• [Saved data entries]
== == ==
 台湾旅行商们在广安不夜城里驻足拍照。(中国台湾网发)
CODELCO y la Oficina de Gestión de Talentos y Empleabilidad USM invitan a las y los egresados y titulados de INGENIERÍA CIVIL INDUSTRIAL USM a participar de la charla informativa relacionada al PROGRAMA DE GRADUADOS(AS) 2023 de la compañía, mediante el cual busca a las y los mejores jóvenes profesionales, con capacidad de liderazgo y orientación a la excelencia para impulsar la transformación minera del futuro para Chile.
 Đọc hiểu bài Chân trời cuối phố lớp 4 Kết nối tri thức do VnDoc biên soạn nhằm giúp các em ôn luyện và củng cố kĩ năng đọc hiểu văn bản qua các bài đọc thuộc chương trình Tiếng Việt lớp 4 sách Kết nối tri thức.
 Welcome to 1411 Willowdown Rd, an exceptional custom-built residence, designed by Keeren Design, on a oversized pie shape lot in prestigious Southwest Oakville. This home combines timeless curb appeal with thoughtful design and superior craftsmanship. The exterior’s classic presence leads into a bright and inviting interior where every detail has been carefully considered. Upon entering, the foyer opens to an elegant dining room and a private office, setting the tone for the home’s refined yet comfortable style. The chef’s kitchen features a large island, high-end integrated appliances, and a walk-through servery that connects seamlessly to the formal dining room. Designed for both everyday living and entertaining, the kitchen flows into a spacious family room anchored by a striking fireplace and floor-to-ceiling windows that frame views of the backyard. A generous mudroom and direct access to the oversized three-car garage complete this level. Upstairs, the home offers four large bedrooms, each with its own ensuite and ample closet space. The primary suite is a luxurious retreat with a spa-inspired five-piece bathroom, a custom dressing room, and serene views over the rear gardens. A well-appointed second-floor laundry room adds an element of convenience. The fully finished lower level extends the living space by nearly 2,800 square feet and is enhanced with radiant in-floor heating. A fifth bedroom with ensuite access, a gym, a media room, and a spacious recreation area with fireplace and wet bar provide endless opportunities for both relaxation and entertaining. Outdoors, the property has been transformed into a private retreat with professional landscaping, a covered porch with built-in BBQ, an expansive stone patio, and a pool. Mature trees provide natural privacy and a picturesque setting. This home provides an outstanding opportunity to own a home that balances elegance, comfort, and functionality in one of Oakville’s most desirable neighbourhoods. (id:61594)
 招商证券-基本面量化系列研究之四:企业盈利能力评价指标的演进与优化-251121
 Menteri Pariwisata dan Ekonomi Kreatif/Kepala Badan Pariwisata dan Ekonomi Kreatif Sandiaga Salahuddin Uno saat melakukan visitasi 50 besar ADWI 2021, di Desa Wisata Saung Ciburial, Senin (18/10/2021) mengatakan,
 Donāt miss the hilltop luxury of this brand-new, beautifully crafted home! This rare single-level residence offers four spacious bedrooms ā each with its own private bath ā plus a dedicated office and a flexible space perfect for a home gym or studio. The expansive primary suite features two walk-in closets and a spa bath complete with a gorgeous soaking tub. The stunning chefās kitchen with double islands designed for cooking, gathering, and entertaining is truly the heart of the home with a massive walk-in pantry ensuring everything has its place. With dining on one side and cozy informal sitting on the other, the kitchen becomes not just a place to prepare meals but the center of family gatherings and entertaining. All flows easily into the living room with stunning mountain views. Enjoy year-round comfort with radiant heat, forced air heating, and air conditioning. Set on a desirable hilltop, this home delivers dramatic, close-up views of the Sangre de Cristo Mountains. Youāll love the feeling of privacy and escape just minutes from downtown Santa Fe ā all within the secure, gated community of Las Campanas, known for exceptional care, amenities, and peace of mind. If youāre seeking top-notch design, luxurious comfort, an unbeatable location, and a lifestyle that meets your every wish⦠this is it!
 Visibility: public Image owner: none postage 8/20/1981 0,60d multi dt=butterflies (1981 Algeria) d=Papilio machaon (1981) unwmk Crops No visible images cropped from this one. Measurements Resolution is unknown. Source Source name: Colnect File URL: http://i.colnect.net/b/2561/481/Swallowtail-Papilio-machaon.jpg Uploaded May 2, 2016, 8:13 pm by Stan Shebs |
== == ==
• [EXERCISE INSTRUCTIONS]
Restate the data in full so that no line differs from the original.

• [TASK RESPONSE]
 台湾旅行商们在广安不夜城里驻足拍照。(中国台湾网发)
CODELCO y la Oficina de Gestión de Talentos y Empleabilidad USM invitan a las y los egresados y titulados de INGENIERÍA CIVIL INDUSTRIAL USM a participar de la charla informativa relacionada al PROGRAMA DE GRADUADOS(AS) 2023 de la compañía, mediante el cual busca a las y los mejores jóvenes profesionales, con capacidad de liderazgo y orientación a la excelencia para impulsar la transformación minera del futuro para Chile.
 Đọc hiểu bài Chân trời cuối phố lớp 4 Kết nối tri thức do VnDoc biên soạn nhằm giúp các em ôn luyện và củng cố kĩ năng đọc hiểu văn bản qua các bài đọc thuộc chương trình Tiếng Việt lớp 4 sách Kết nối tri thức.
 Welcome to 1411 Willowdown Rd, an exceptional custom-built residence, designed by Keeren Design, on a oversized pie shape lot in prestigious Southwest Oakville. This home combines timeless curb appeal with thoughtful design and superior craftsmanship. The exterior’s classic presence leads into a bright and inviting interior where every detail has been carefully considered. Upon entering, the foyer opens to an elegant dining room and a private office, setting the tone for the home’s refined yet comfortable style. The chef’s kitchen features a large island, high-end integrated appliances, and a walk-through servery that connects seamlessly to the formal dining room. Designed for both everyday living and entertaining, the kitchen flows into a spacious family room anchored by a striking fireplace and floor-to-ceiling windows that frame views of the backyard. A generous mudroom and direct access to the oversized three-car garage complete this level. Upstairs, the home offers four large bedrooms, each with its own ensuite and ample closet space. The primary suite is a luxurious retreat with a spa-inspired five-piece bathroom, a custom dressing room, and serene views over the rear gardens. A well-appointed second-floor laundry room adds an element of convenience. The fully finished lower level extends the living space by nearly 2,800 square feet and is enhanced with radiant in-floor heating. A fifth bedroom with ensuite access, a gym, a media room, and a spacious recreation area with fireplace and wet bar provide endless opportunities for both relaxation and entertaining. Outdoors, the property has been transformed into a private retreat with professional landscaping, a covered porch with built-in BBQ, an expansive stone patio, and a pool. Mature trees provide natural privacy and a picturesque setting. This home provides an outstanding opportunity to own a home that balances elegance, comfort, and functionality in one of Oakville’s most desirable neighbourhoods. (id:61594)
 招商证券-基本面量化系列研究之四:企业盈利能力评价指标的演进与优化-251121
 Menteri Pariwisata dan Ekonomi Kreatif/Kepala Badan Pariwisata dan Ekonomi Kreatif Sandiaga Salahuddin Uno saat melakukan visitasi 50 besar ADWI 2021, di Desa Wisata Saung Ciburial, Senin (18/10/2021) mengatakan,
 Donāt miss the hilltop luxury of this brand-new, beautifully crafted home! This rare single-level residence offers four spacious bedrooms ā each with its own private bath ā plus a dedicated office and a flexible space perfect for a home gym or studio. The expansive primary suite features two walk-in closets and a spa bath complete with a gorgeous soaking tub. The stunning chefās kitchen with double islands designed for cooking, gathering, and entertaining is truly the heart of the home with a massive walk-in pantry ensuring everything has its place. With dining on one side and cozy informal sitting on the other, the kitchen becomes not just a place to prepare meals but the center of family gatherings and entertaining. All flows easily into the living room with stunning mountain views. Enjoy year-round comfort with radiant heat, forced air heating, and air conditioning. Set on a desirable hilltop, this home delivers dramatic, close-up views of the Sangre de Cristo Mountains. Youāll love the feeling of privacy and escape just minutes from downtown Santa Fe ā all within the secure, gated community of Las Campanas, known for exceptional care, amenities, and peace of mind. If youāre seeking top-notch design, luxurious comfort, an unbeatable location, and a lifestyle that meets your every wish⦠this is it!
 Visibility: public Image owner: none postage 8/20/1981 0,60d multi dt=butterflies (1981 Algeria) d=Papilio machaon (1981) unwmk Crops No visible images cropped from this one. Measurements Resolution is unknown. Source Source name: Colnect File URL: http://i.colnect.net/b/2561/481/Swallowtail-Papilio-machaon.jpg Uploaded May 2, 2016, 8:13 pm by Stan Shebs |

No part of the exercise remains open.